The London Database

A quick update as we have been working on a number of projects. One is creating a simplified road network for London to explore the road structure in relation to network theory (see Masucci) but also for its use in accessibility measures. Our second project is building a detailed land use database for London (using SQL Server which we access through ArcSDE).

The purpose of the database is so our research group can use it for various applications (such as land use modelling, residential agent-based modelling, urban sprawl analysis, sustainability, rain water harvesting etc). The aim of the land use database is to tag all the buildings within London with various attributes such as use, whether it is a house, a flat or an office etc. The data sets we are using include; Ordnance Survey MasterMap and Address layer 2 , building heights via LIDAR data from InfoTerra. We are using Cities Revealed data for residential building types and age along with several other datasets.
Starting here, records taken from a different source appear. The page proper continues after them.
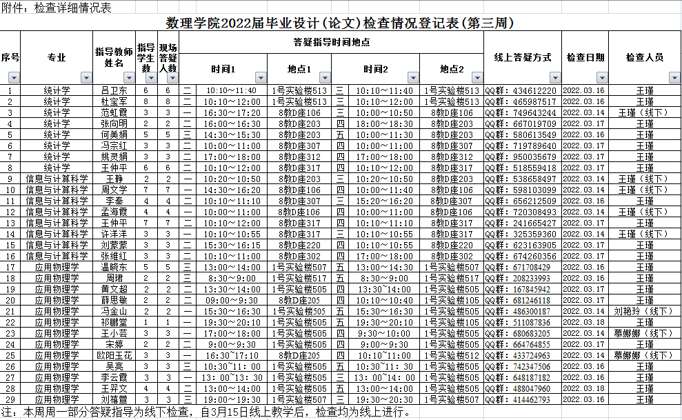 疫情期间,为降低疫情防控对我院2022届本科生毕业设计(论文)工作影响,学院高度重视,成立了由院长孙小伟教授、副院长张睿教授任组长、各系(教研室)主任及学院督导为成员的学院毕业设计(论文)线上工作督导小组,制定了《数理学院本科生毕业设计(论文)督导工作方案》,先后发布《数理学院关于疫情期间做好2022届本科毕业设计(论文)线上指导工作的通知》、《数理学院关于本科生毕业设计(论文)线上督导工作的通知 》等。各位指导教师要充分利用网络、视频、电话、图片等方式和学生开展线上交流,并进行“云上”毕业论文的指导,同时做好毕业设计(论文)过程记录册填写的指导及论文内容方向把握等撰写相关工作;指导教师要充分发挥育人功能,要关爱学生,传播正能量,正面疏导学生及时排解不良情绪,引导学生不信谣、不传谣、不造谣、不发表不当言论。督导小组成员每周抽查三名以上教师答疑指导过程,督促指导教师利用QQ群、微信等多种形式加强对学生的指导,确保线上毕业设计(论文)指导工作按时、有序进行。
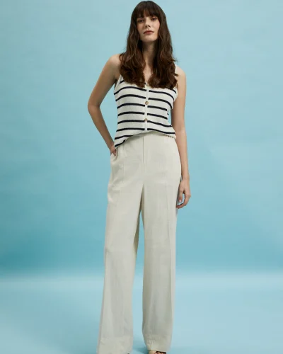 Αυτό το καλοκαίρι παραμείνετε άνετες και κομψές με αυτό το φαρδύ cropped παντελόνι με ελαστική μέση και με ιδιαίτερο σχέδιο εμπνευσμένο από τη δεκαετία του ’70!
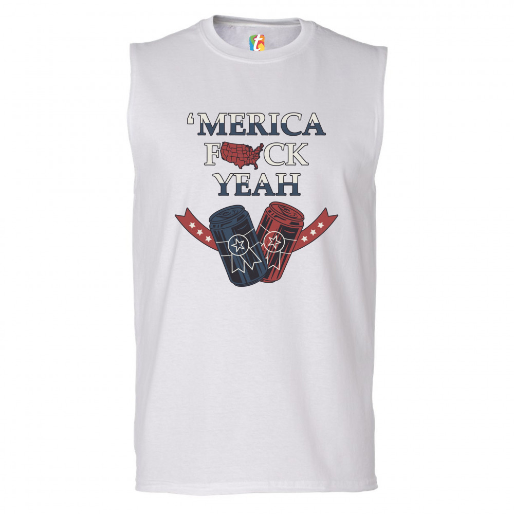 MERICA F*CK YEAH muscle shirt patriotic american pride drinking beer men's white
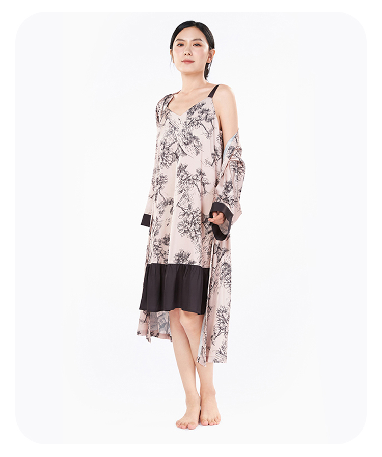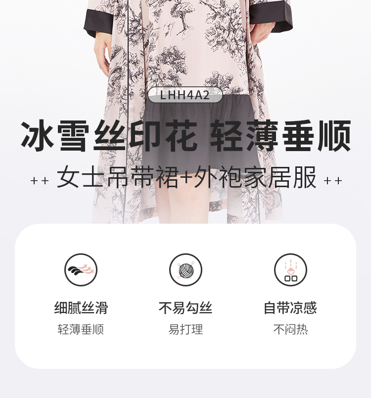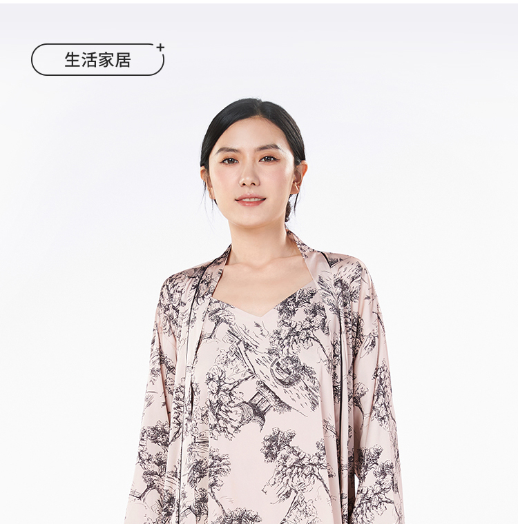都市丽人女士丝质两件套薄冰雪丝印花好睡好眠两件套LHH4A2

When combined it will allow for fine scale and extensive modelling of the of London’s housing market & built environment.

Below are some preliminary outputs, including a land use visualisation of the Isle of Dogs, the London Borough of Tower Hamlets broken down by residential property types and finally residential density within a section of the Isle of Dogs.

Isle of Dogs Land-use 3D Visualisation (Red is Residential, Dark blue is Office, Light blue is Office Mixed Use).

Housing Classification of Tower Hamlets, London (yellow is terraced housing, blue is flats and grey is non residential).

Residential Density within the Isle of Dogs (Dwellings per Hectare)

2 Replies to “The London Database”

  1. The combined land use data is interesting. I wonder why you use ArcSDE and SQL Server when you could learn to use some open source alternatives and then look to tap into available Grid Computers to do the data integration.

    There are lots of metrics for the buildings/parts of buildings that could be useful. Size of the biggest room, volume, floor area etc… Hard to know what you can get until I take a look at the data I suppose. What about land registry data? I wonder what other property databases there are out there…

    London and Edinburgh and a few other cities in the UK may have a lot going on underground depending on where ground level is determined and if that is a single thing.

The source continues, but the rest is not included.